Absolutely this. I only applied for 3 PhD programs in PoliSci. Nowadays I think it is insane to apply for 10+ programs in the top 20, there is no way they could have a large correlation of any kind of concentration. I often see folks here with "pending" lists consisting of programs with drastically different profiles/faculty research it is insane. A random Anon will put in the same basket Yale, Chicago, Columbia, NYU and UCSD and I'm here thinking: what was even your target interest when doing this lol

 

EDIT: Anyone claiming being waitlisted by NYU?

Edited by giraff
Posted (edited)
14 minutes ago, giraff said:

Absolutely this. I only applied for 3 PhD programs in PoliSci. Nowadays I think it is insane to apply for 10+ programs in the top 20, there is no way they could have a large correlation of any kind of concentration. I often see folks here with "pending" lists consisting of programs with drastically different profiles/faculty research it is insane.
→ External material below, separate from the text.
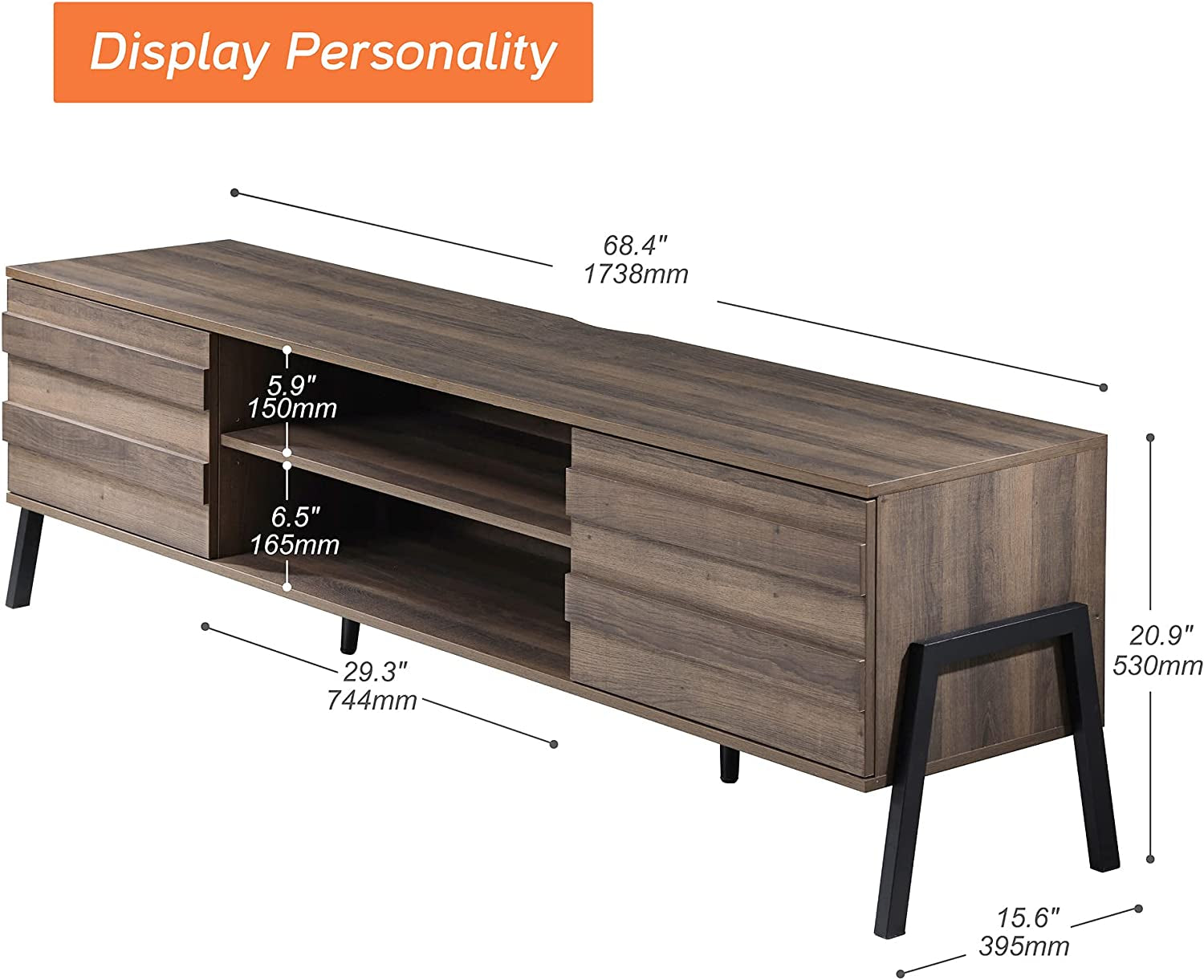 - 【Mid-Century Modern entertaiment center】The Television Stand is designed with dimensions of 68.4" L x 15.6” W x 20.9" H. Suitable For TVs up to 80 inch. Made from high grade certified MDF that promises a long service life. The overall finish is quite smooth and waterproof without any smell no harm and easier to clean, Weight limit of top board is 275 lbs.

A random Anon will put in the same basket Yale, Chicago, Columbia, NYU and UCSD and I'm here thinking: what was even your target interest when doing this lol

 

EDIT: Anyone claiming being waitlisted by NYU?

for sure

Edited by MooseTracks
Posted
16 minutes ago, Philodemus said:

Claiming a McGill PhD acceptance. Got an informal email from the DGS late last night.

Did you apply from Canada or an international applicant?

I also applied for Mcgill (from abroad) and emailed to the Department about when results would be announced. They replied to me that the Department is still reviewing the applications.